POSTMODERN DREAMS
The Kerry James Marshall retrospective at the Met Breuer, Mastry, attracted the most energetic and eclectic museum crowd I’ve ever seen. Marshall is African American, and publicity surrounding the show was pointedly political. An explanatory wall text notes that his work “synthesizes a wide range of pictorial traditions to counter stereotypical representations of black people in society and reassert the place of the black figure within the canon of Western painting.“ Marshall’s richly-colored, mural-sized canvases are strongly graphic, with characters often rendered in profile, and fields in flat, bold colors. They have the kinetic energy of posters, quilts and graffiti. Some capture everyday scenes from black American life: a beauty salon, a barber shop, two lovers in bed. Others capture moments from black history: the failure to seize a rogue slave ship, the colonization of South Africa by the Dutch.
Despite political interpretations, the paintings are most remarkable for their skillful postmodern storytelling, employing fractured imagery to upend conventional narratives. Scenes are constructed within a conventional perspectival background, and their integrity is questioned by a web of seemingly random graphic marks
laid right on top of them: letters, numbers, banners, logos, and puddles and streaks of paint. The complex, layered
image-making recalls the work of David Salle, and
the sensual handling recalls the work of Eric Fischl. But Marshall’s work is more ambitious formally and more troubling emotionally than that of either of his contemporaries.

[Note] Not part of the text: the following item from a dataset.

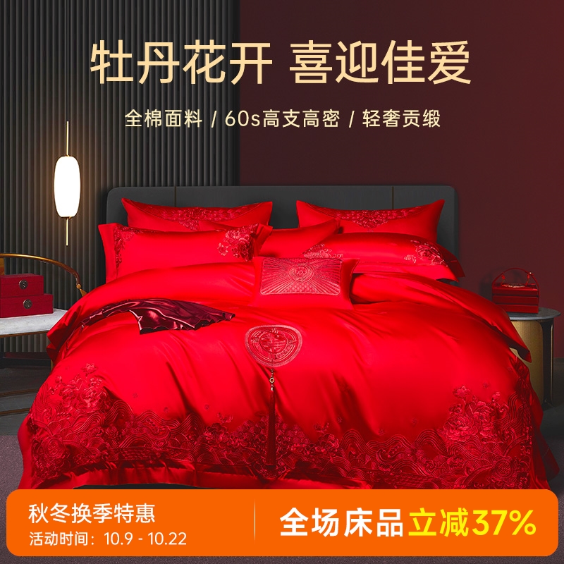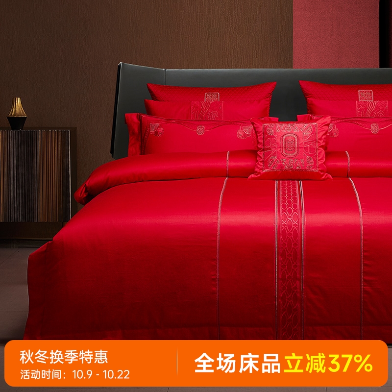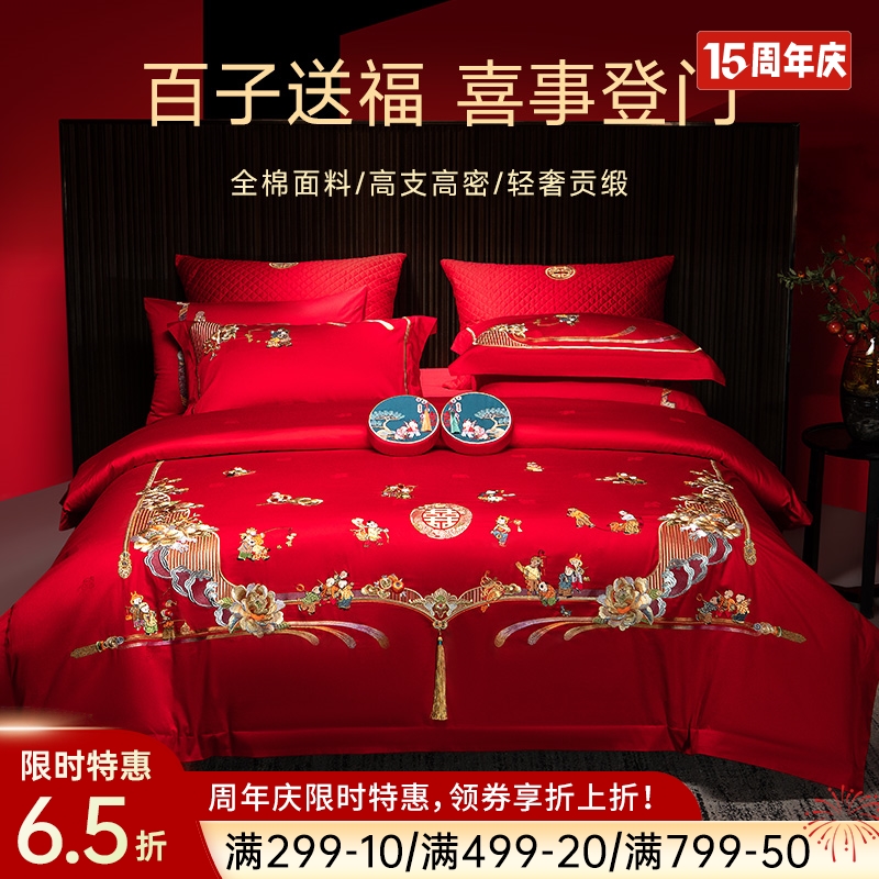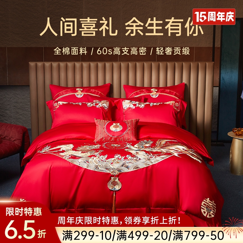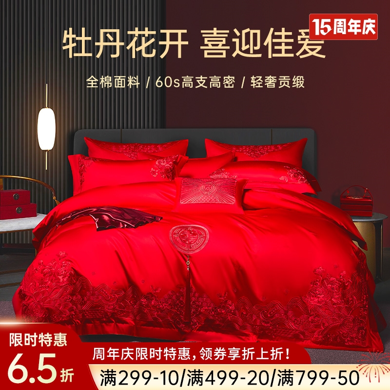 臻品系列全棉刺绣禧嫁四件套(美丽红妆)

In the most powerful paintings, the dissonant overlapping and accumulation of images exposes the distance between American life and the American dream. A series of paintings completed in the 1980′s (including Better Homes and Better Gardens, above) shows black men, women and children emerging from handsome apartment blocks, playing on tidy suburban yards, sunning themselves at the beach, and resting inside homes. They’re surrounded by all the acoutrements of good bourgeois living: flags and banners, sprawling green lawns, flowering trees, gently winding streets, sunny skies. But the stray texts, strokes and smears floating on the surface above them expose the scene as a fiction, and the canvas as an unreliable, illusory surface. The very structure of the paintings suggests that, for black Americans, undisturbed good living might remain a fiction.